**Your goal**
From the line below that contains "那么我们翻过来的看一下,在kill -9 一个用户连接的process后会发生什么" to the line that contains "Front (Left to", repeat every line exactly, both ends included, and nothing else.

**Excerpted records**
╭──
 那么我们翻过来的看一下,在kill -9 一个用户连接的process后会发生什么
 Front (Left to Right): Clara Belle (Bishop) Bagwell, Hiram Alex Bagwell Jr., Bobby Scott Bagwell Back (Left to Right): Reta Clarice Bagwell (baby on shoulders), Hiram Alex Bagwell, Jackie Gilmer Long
╰──
╭──
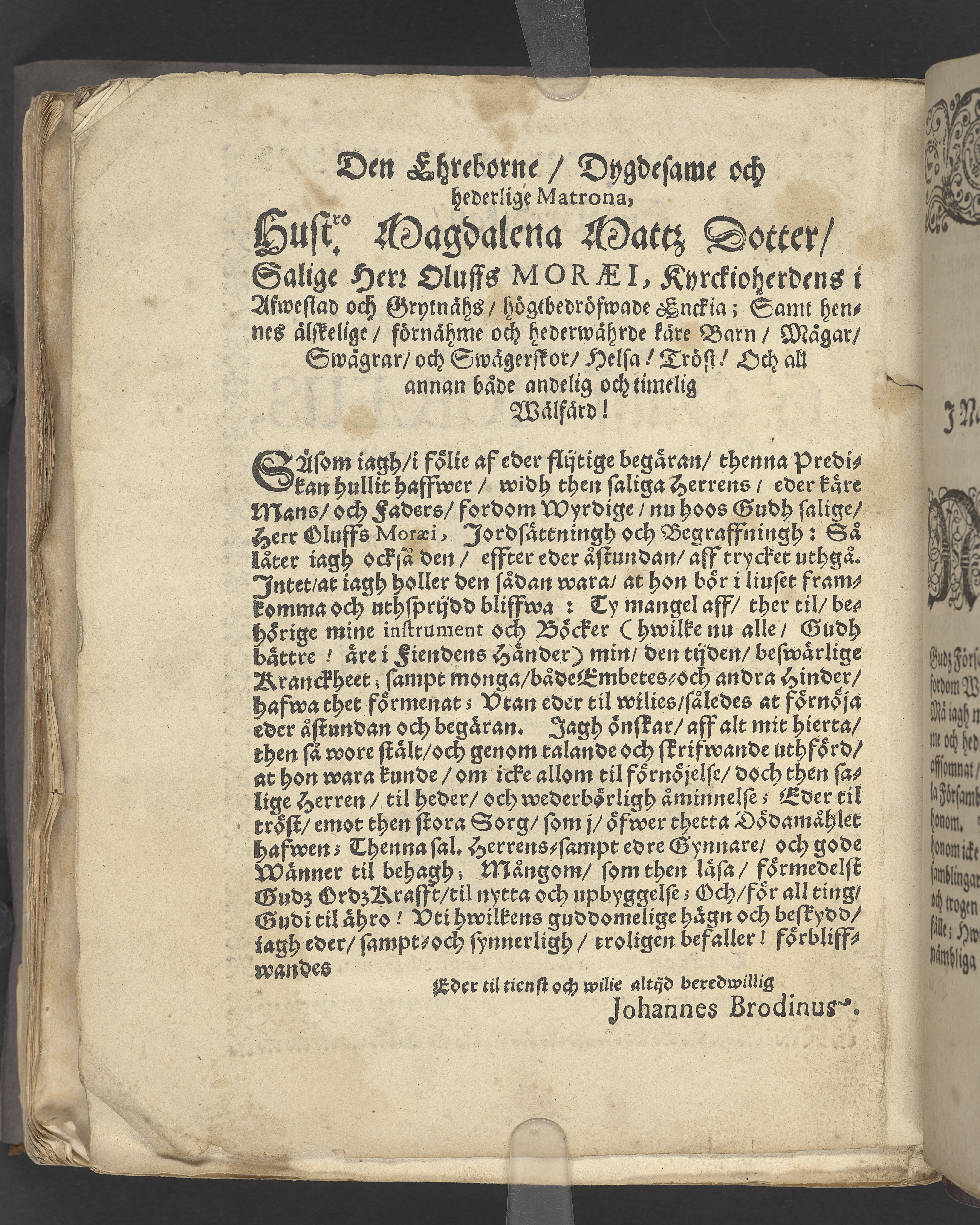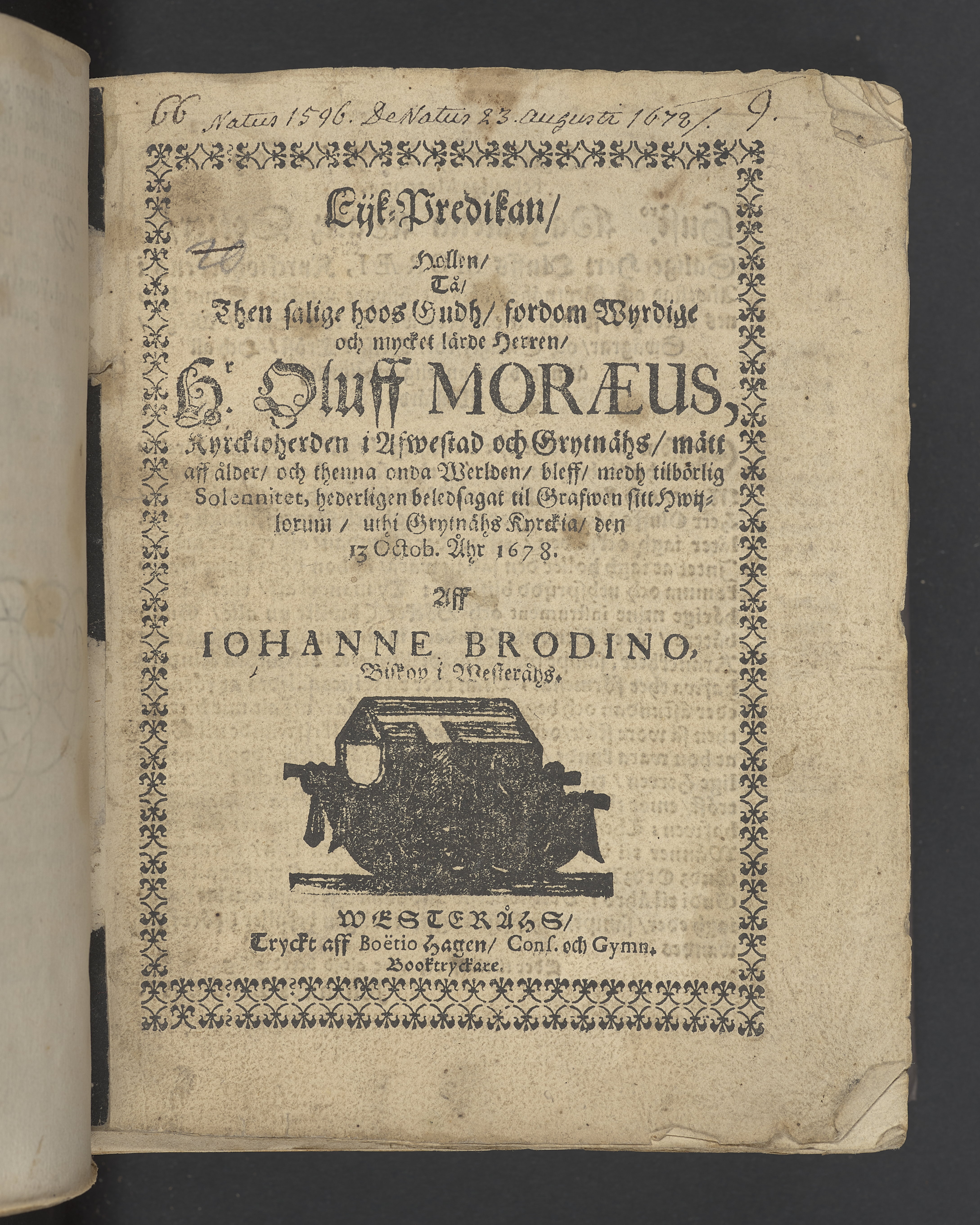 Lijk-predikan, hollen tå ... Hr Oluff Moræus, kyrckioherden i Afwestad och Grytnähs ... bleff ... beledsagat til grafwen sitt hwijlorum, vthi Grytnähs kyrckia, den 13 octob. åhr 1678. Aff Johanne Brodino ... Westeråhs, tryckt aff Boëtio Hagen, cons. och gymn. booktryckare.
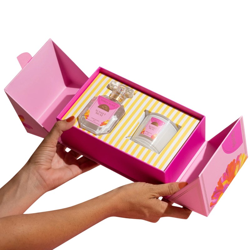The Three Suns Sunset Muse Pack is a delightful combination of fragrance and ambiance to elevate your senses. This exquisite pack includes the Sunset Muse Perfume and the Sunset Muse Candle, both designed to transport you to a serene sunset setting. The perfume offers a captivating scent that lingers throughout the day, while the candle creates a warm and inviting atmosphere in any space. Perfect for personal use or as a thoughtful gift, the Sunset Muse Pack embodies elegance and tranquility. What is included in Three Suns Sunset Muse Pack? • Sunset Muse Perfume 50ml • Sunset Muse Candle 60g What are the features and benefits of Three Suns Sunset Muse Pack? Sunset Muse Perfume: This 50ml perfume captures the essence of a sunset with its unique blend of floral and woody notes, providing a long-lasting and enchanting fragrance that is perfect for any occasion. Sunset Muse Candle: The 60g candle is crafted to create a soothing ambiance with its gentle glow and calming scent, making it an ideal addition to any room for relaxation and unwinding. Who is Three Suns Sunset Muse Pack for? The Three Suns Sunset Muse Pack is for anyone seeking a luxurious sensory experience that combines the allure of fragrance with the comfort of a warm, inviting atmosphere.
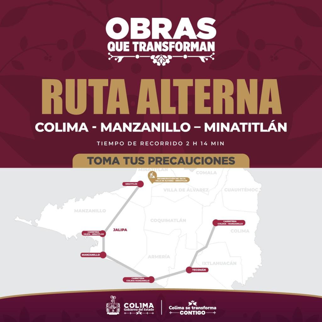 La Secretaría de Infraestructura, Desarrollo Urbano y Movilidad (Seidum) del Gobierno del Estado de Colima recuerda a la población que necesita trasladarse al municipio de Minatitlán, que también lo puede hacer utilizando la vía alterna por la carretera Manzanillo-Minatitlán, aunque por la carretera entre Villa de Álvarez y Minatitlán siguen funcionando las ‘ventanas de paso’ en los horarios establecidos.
╰──
╭──
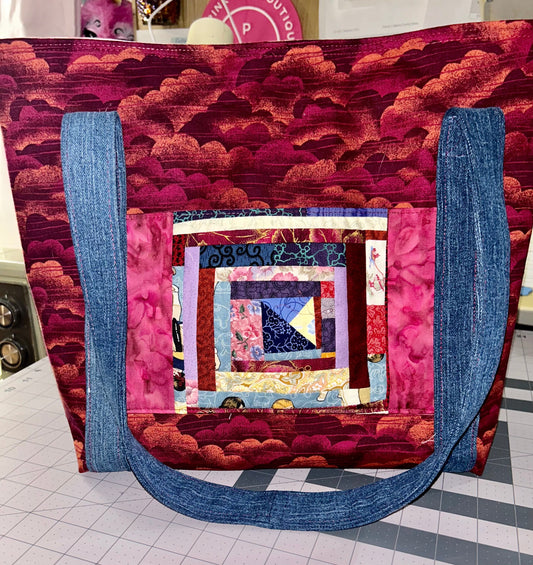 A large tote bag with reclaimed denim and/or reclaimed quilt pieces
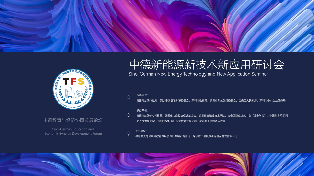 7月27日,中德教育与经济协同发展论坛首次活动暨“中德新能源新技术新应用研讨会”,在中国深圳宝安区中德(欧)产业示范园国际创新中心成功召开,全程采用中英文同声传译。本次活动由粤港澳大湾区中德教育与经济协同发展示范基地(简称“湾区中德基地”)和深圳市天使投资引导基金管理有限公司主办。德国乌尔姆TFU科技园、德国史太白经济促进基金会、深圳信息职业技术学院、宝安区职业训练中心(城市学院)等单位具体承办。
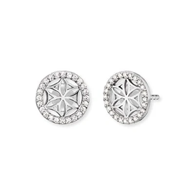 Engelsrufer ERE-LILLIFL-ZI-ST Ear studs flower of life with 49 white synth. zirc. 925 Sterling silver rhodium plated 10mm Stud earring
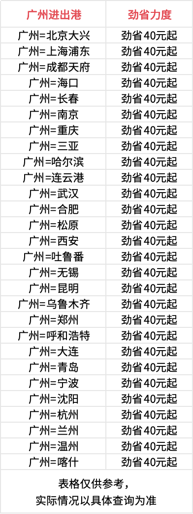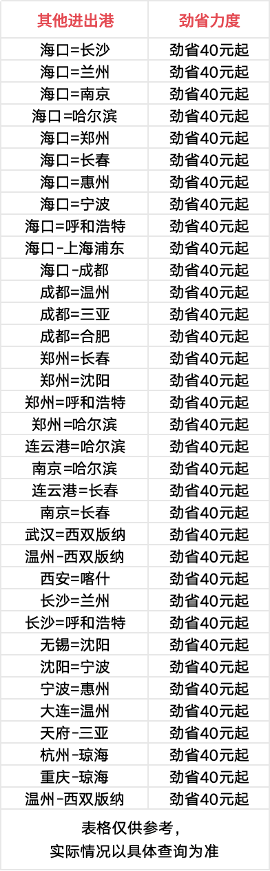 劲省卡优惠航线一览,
╰──
**Reply**
 那么我们翻过来的看一下,在kill -9 一个用户连接的process后会发生什么
 Front (Left to Right): Clara Belle (Bishop) Bagwell, Hiram Alex Bagwell Jr., Bobby Scott Bagwell Back (Left to Right): Reta Clarice Bagwell (baby on shoulders), Hiram Alex Bagwell, Jackie Gilmer Long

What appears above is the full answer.